GOAL OF THE EXERCISE — Copy the lines below exactly, starting at the one with "青海湖+茶卡盐湖+穿越柴达木" and ending at the one with "Sources: (1) Obituary", and leave out any picture.

DATA RECORDS —
··········

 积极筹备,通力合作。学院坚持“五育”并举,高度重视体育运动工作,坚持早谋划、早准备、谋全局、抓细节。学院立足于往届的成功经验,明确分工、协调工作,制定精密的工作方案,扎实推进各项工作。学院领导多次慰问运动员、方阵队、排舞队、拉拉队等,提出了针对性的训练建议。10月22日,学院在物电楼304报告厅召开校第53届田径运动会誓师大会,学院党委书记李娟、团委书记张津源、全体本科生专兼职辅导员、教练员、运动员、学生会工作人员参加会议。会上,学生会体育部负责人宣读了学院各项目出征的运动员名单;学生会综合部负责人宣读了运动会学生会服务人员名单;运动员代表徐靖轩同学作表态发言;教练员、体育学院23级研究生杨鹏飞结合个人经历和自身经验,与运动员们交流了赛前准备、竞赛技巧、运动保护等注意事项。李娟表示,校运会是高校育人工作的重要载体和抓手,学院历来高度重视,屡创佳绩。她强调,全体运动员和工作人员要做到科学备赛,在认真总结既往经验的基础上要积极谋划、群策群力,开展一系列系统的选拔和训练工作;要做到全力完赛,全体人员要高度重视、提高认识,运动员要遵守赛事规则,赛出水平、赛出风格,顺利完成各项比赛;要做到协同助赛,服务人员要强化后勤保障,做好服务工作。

··········

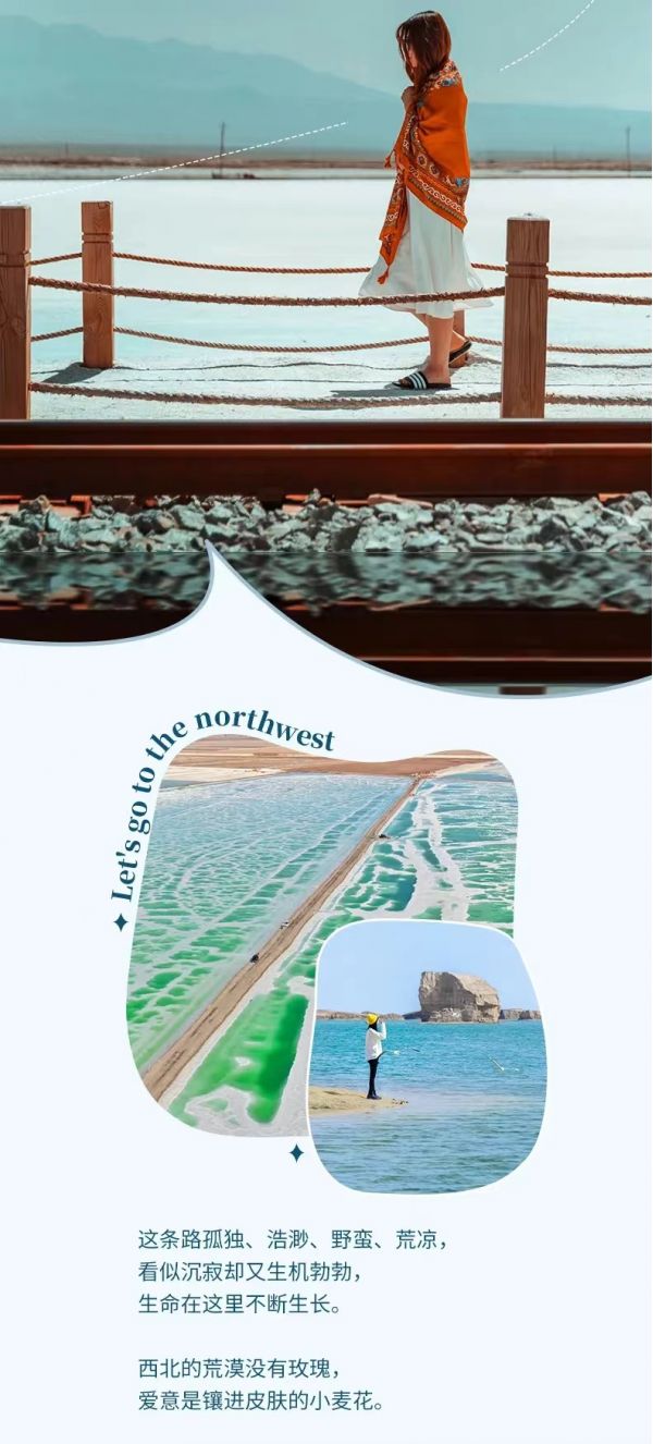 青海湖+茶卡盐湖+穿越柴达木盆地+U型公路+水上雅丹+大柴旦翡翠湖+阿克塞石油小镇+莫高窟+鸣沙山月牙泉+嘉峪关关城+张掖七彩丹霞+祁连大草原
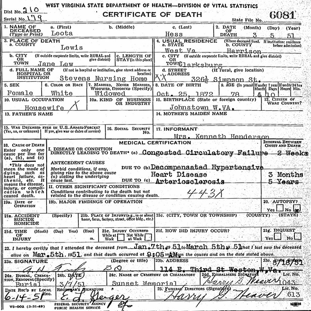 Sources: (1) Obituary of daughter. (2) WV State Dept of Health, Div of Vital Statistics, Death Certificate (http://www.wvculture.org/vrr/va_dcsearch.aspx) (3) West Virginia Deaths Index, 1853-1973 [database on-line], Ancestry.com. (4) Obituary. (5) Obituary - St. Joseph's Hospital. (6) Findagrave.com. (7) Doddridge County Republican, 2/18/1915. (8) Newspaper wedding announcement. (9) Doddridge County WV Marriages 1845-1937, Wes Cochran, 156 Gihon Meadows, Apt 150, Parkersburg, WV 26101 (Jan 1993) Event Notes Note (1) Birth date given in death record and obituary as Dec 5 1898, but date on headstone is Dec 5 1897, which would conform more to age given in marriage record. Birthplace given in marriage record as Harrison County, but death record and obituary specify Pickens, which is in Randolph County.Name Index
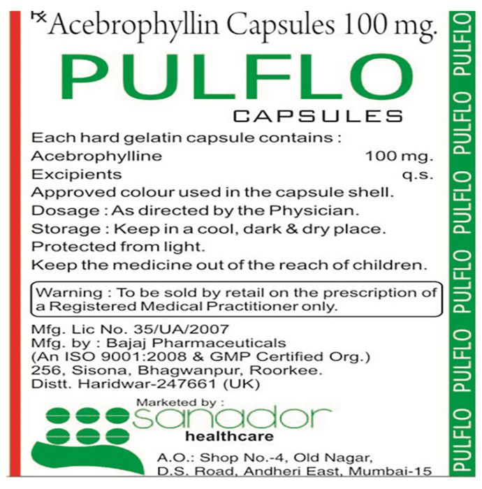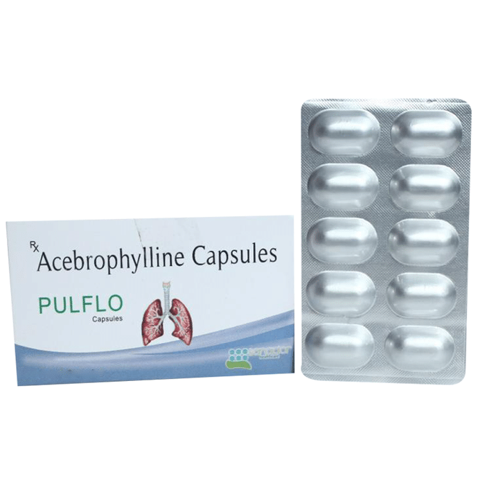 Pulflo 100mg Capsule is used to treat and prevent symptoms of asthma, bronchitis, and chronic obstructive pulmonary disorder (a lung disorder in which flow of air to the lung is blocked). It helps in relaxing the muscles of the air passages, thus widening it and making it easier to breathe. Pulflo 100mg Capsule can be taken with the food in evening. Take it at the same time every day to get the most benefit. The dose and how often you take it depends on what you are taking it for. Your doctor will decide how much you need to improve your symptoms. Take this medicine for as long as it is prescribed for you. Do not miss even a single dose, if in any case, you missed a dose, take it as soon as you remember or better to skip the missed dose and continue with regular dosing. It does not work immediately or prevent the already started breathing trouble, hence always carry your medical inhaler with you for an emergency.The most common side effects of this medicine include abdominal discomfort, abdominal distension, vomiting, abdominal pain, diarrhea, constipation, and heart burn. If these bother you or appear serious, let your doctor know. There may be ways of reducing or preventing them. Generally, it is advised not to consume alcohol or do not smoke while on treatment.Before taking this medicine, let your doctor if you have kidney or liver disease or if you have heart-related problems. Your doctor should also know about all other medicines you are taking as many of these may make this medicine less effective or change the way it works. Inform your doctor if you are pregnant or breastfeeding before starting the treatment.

··········

THE ANSWER —
 青海湖+茶卡盐湖+穿越柴达木盆地+U型公路+水上雅丹+大柴旦翡翠湖+阿克塞石油小镇+莫高窟+鸣沙山月牙泉+嘉峪关关城+张掖七彩丹霞+祁连大草原
 Sources: (1) Obituary of daughter. (2) WV State Dept of Health, Div of Vital Statistics, Death Certificate (http://www.wvculture.org/vrr/va_dcsearch.aspx) (3) West Virginia Deaths Index, 1853-1973 [database on-line], Ancestry.com. (4) Obituary. (5) Obituary - St. Joseph's Hospital. (6) Findagrave.com. (7) Doddridge County Republican, 2/18/1915. (8) Newspaper wedding announcement. (9) Doddridge County WV Marriages 1845-1937, Wes Cochran, 156 Gihon Meadows, Apt 150, Parkersburg, WV 26101 (Jan 1993) Event Notes Note (1) Birth date given in death record and obituary as Dec 5 1898, but date on headstone is Dec 5 1897, which would conform more to age given in marriage record. Birthplace given in marriage record as Harrison County, but death record and obituary specify Pickens, which is in Randolph County.Name Index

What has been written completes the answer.